Input
------------------------

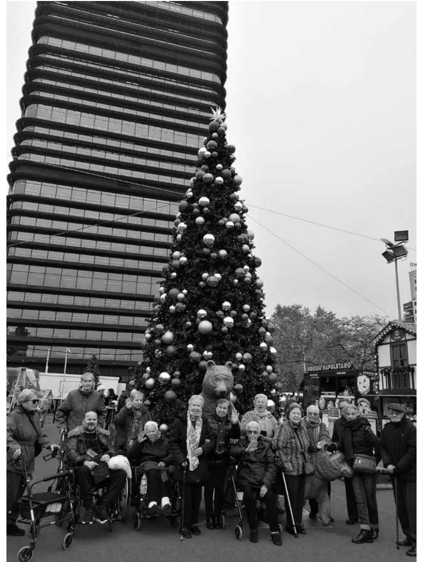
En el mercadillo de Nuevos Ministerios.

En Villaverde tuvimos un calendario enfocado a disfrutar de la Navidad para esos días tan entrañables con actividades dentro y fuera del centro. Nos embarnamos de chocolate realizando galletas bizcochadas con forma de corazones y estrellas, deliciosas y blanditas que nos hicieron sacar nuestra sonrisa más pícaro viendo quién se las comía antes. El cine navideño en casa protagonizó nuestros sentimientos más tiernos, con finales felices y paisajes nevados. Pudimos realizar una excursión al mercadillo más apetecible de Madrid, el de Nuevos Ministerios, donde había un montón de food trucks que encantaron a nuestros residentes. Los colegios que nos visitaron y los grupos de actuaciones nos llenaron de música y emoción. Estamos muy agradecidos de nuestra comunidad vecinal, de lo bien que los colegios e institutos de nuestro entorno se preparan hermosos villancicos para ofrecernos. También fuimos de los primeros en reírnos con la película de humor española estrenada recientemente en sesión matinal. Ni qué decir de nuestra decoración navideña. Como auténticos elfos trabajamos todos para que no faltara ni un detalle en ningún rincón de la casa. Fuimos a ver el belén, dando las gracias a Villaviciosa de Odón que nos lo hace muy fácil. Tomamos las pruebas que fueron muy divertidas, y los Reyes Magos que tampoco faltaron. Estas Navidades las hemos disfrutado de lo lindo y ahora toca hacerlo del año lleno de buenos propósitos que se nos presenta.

------------------------

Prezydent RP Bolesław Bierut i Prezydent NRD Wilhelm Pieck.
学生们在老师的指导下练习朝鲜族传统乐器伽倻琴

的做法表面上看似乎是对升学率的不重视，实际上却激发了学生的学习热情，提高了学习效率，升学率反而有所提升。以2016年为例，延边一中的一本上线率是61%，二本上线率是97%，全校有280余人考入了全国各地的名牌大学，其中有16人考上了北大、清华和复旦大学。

------------------------

Task prompt
Reply with nothing but a number: how many lines of the entries above contain the string "Ministerios"?

Output for this exercise
2